Please write out only the lines from the line with "Lanterna de cap pe baterii 50Lu 10m Tolsen" to the line with "1) Σημειώστε με", inclusive, exactly as they stand below, without the pictures.

Entries supplied ▸
----------

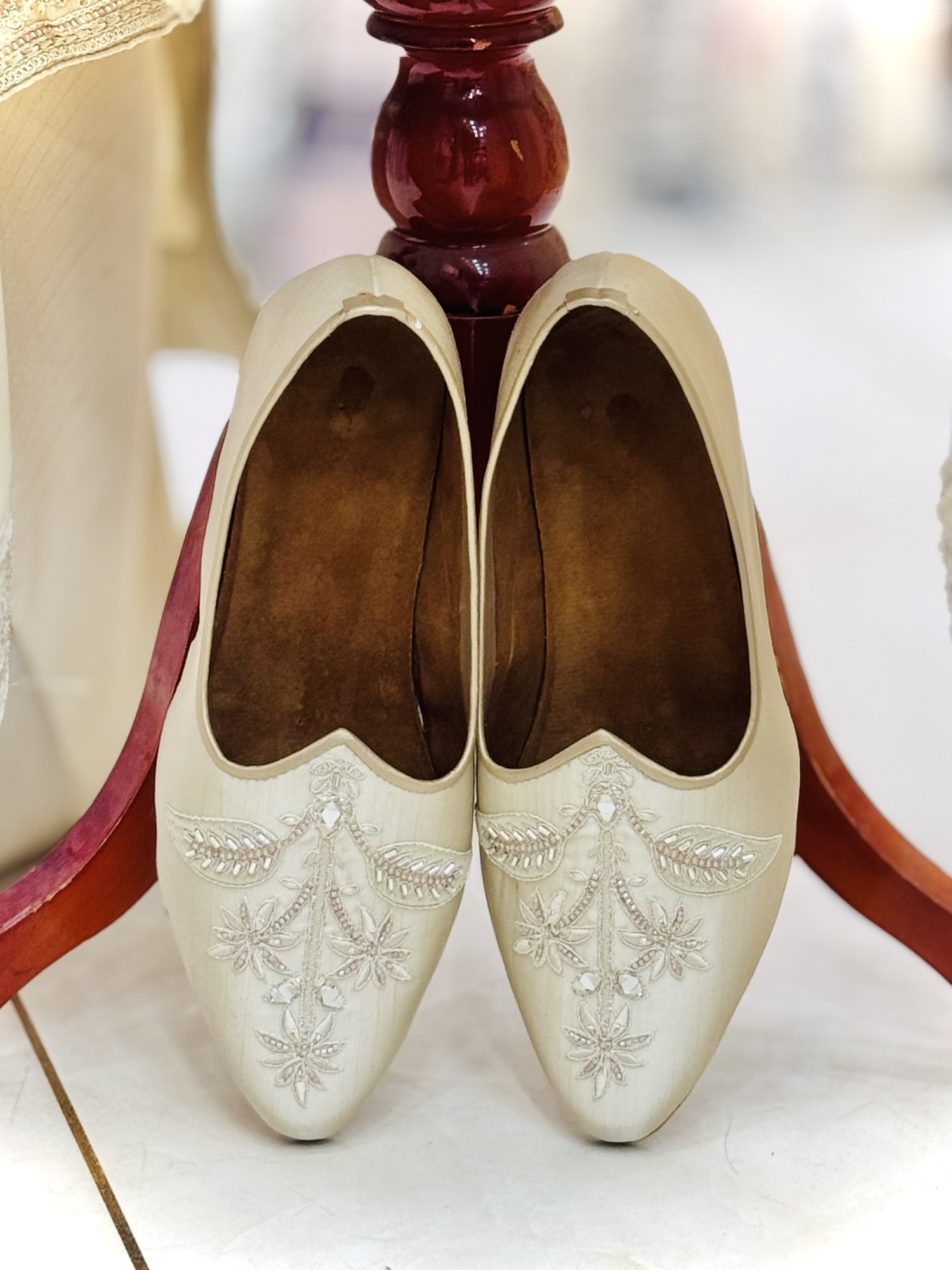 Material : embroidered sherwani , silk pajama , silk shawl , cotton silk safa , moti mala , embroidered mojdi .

----------

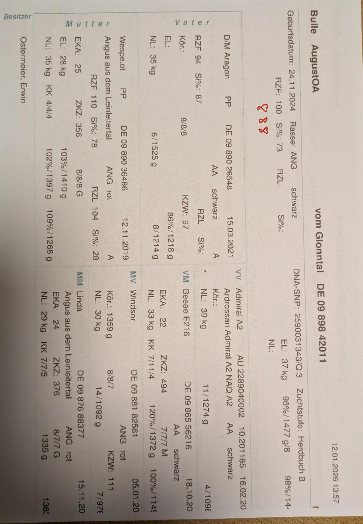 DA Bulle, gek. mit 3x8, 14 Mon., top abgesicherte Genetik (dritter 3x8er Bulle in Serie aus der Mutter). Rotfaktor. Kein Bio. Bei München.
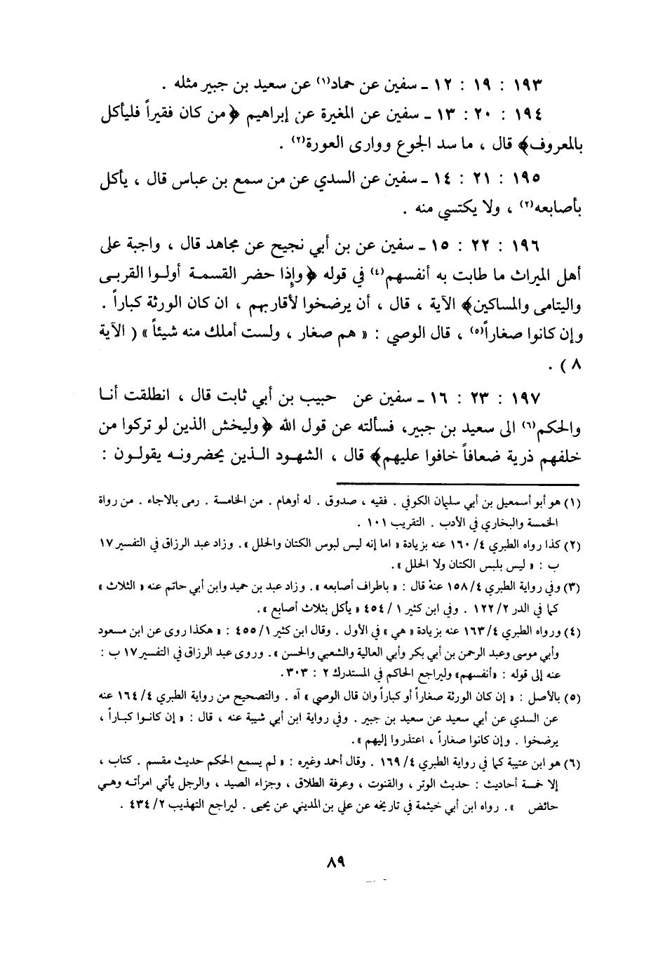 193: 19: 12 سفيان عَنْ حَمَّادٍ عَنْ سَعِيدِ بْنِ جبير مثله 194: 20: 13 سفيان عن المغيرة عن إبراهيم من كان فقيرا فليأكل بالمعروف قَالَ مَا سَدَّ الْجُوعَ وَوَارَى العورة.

----------

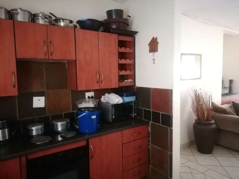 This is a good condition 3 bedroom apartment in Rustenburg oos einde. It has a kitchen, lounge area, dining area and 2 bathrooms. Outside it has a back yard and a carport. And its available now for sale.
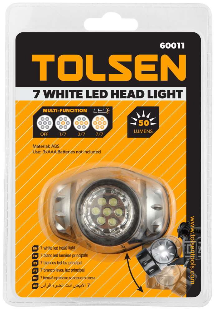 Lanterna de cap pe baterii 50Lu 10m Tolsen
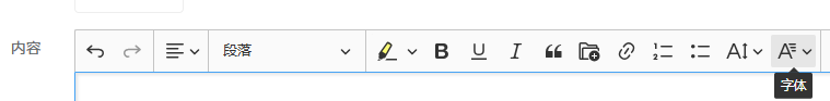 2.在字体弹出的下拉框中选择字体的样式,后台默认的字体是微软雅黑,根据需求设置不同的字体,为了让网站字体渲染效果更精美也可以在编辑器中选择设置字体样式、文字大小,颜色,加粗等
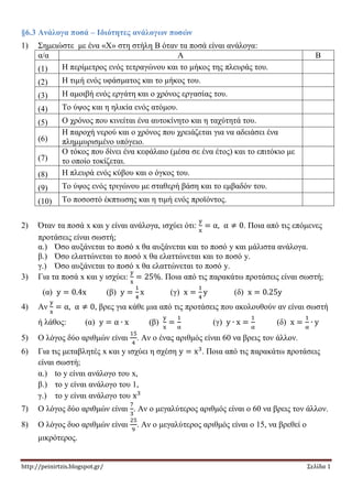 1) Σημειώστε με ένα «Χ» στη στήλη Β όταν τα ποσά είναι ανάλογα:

----------

Solution ▸
 Lanterna de cap pe baterii 50Lu 10m Tolsen
 2.在字体弹出的下拉框中选择字体的样式,后台默认的字体是微软雅黑,根据需求设置不同的字体,为了让网站字体渲染效果更精美也可以在编辑器中选择设置字体样式、文字大小,颜色,加粗等
 1) Σημειώστε με ένα «Χ» στη στήλη Β όταν τα ποσά είναι ανάλογα:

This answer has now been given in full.